Aim of the exercise
Beginning with the line of the entries below that holds "Indians on horseback with spears and guns" and ending with the line that holds "Set di 8 tagliapasta", transcribe each line exactly as written. Pictures stay out.

Entries taken from a collection:
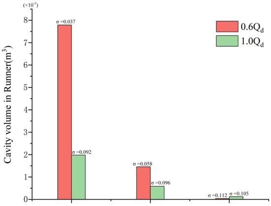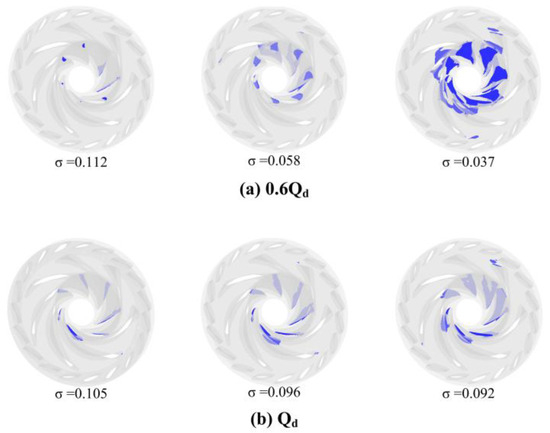 Figure 7 illustrates the total volume of cavitation bubbles in the impeller region under the conditions of 0.6 Qd and Qd at varying levels of cavitation. Figure 8 depicts the iso-surface formed by the cavitation volume fraction equal to 10% under the corresponding cavitation conditions. A comparison of these two figures reveals that when the cavitation number is relatively high and bubbles are just beginning to form, the volume of the bubbles is minimal, occupying a small portion of the flow channel and causing negligible disturbance to the flow field. As the cavitation number decreases to a critical point, cavitation develops to a certain extent, resulting in bubbles occupying part of the flow channel and affecting the flow field, which leads to a reduction in head. Conversely, when cavitation is fully developed, the bubbles occupy a significant portion of the space, severely impeding the normal flow of water.
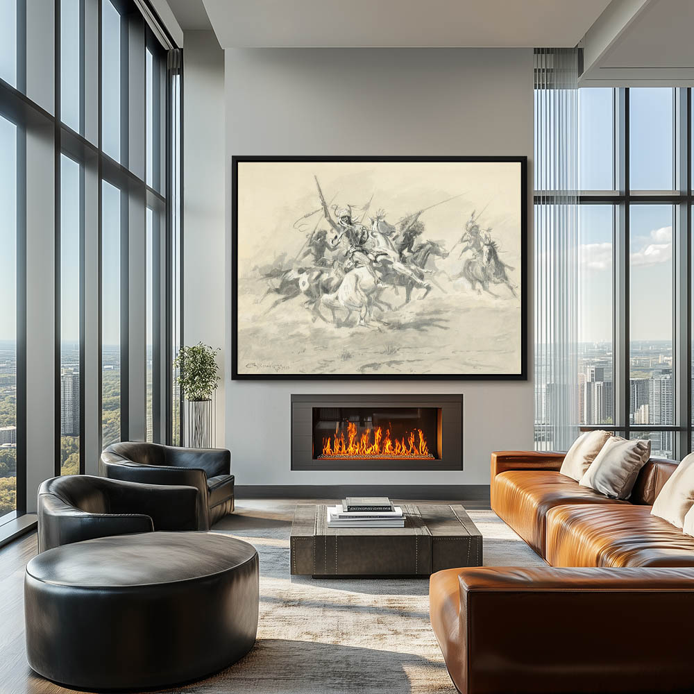 Indians on horseback with spears and guns
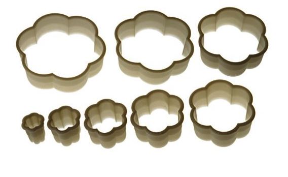 Set di 8 tagliapasta forma fiori per realizzare biscottini e decorazioni utilizzando pasta di zucchero, cioccolato plastico e glasse, misure cm. 3.5 – 4.5 – 6 – 7 – 8 – 9.5 – 10.5 – 12, altezza cm. 2,5. Prodotto Silikomart della linea Wonder Cakes firmata da Renato Ardovino.
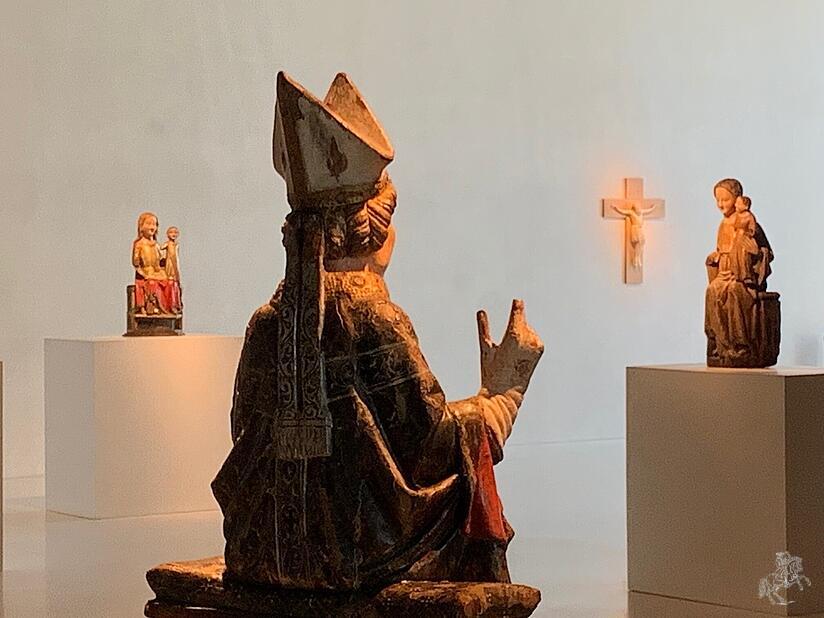 Was für eine bewegende Szenerie, was für eine illustre Gesellschaft, die die Besucher im größten Ausstellungsraum empfangen: Sieben mittelalterliche Darstellungen der Muttergottes mit Kind sowie zwei Darstellungen von Heiligen stehen auf Sockeln. Sie sind raumgreifend elliptisch aufgestellt und scheinen miteinander in einem intensiven Dialog vertieft. Worum geht es wohl? Möglicherweise um die Frage nach dem Schicksal des Kindes? Oder um das gleichzeitige Gott- und Menschsein Jesu Christi? An einer der Wände hängt ein elfenbeinernes Kruzifix aus dem zwölften Jahrhundert, das geradezu zu schweben scheint und sich unaufdringlich in den Dialog der Figurengruppe einfügt. Oder geht es doch um „Adam und Eva“, deren Vertreibung aus dem Paradies von Adalbert Trillhaase (1858-1936) in höchst eigenwilliger Darstellung in ein Ölbild gebannt wurde und nun ebenfalls mit den hölzernen Skulpturen korrespondiert?
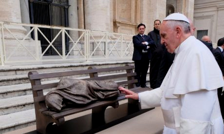 A statue of a homeless Jesus done by a Canadian sculptor has Pope Francis as an admirer.
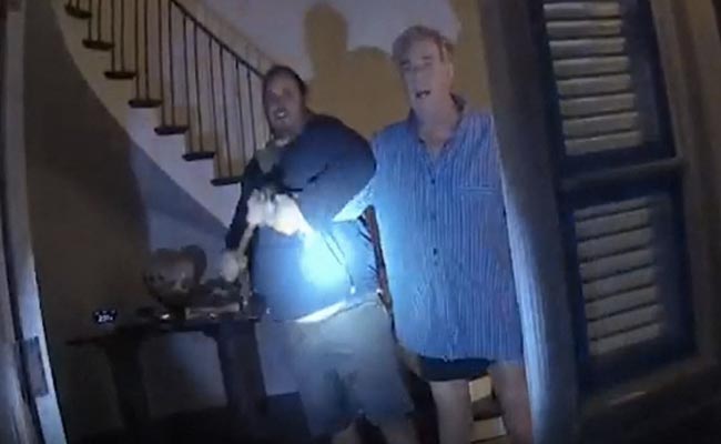 The police body camera footage, released by a court, shows suspect David DePape and Paul Pelosi standing side by side just inside the house.
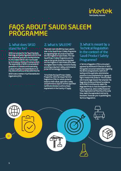 Intertek is designated by the Saudi Standards, Metrology and Quality Organization (SASO) as an authorized Inspection Body to conduct inspections and issue SABER Certificates of Inspection (CoIs) for Used Motor Vehicles being imported into the Kingdom of Saudi Arabia.
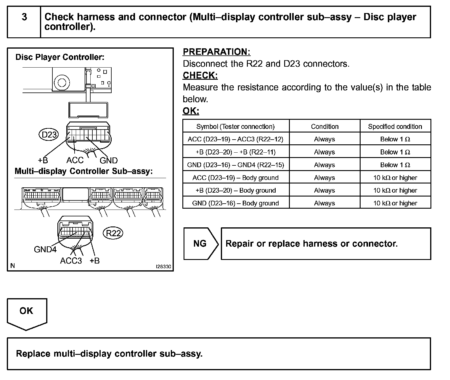 This circuit provides power to the disc player controller. The power is sent from the battery to the disc player controller through the multi-display controller sub-assy.
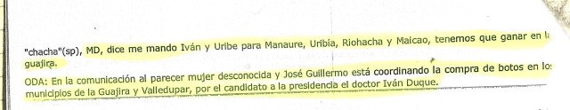 Por otra parte, en una de las grabaciones de las conversaciones se oye cuando ´Ñeñe´ revela que también robó dineros que eran para comprarle votos en la costa norte a Germán Vargas Lleras en la primera vuelta y, al parecer, los destinó a comprárselos a Duque en la segunda vuelta electoral.
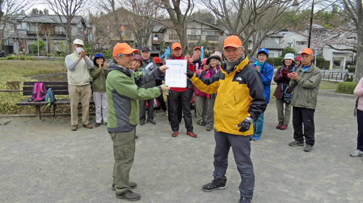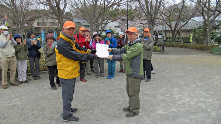 李久保公園での昼食後、参加者全員で伴敏郎会員に通算参加125回参加賞、赤間廣会員に通算参加75回参加賞の授与式を行いました。

Output below
 Indians on horseback with spears and guns
 Set di 8 tagliapasta forma fiori per realizzare biscottini e decorazioni utilizzando pasta di zucchero, cioccolato plastico e glasse, misure cm. 3.5 – 4.5 – 6 – 7 – 8 – 9.5 – 10.5 – 12, altezza cm. 2,5. Prodotto Silikomart della linea Wonder Cakes firmata da Renato Ardovino.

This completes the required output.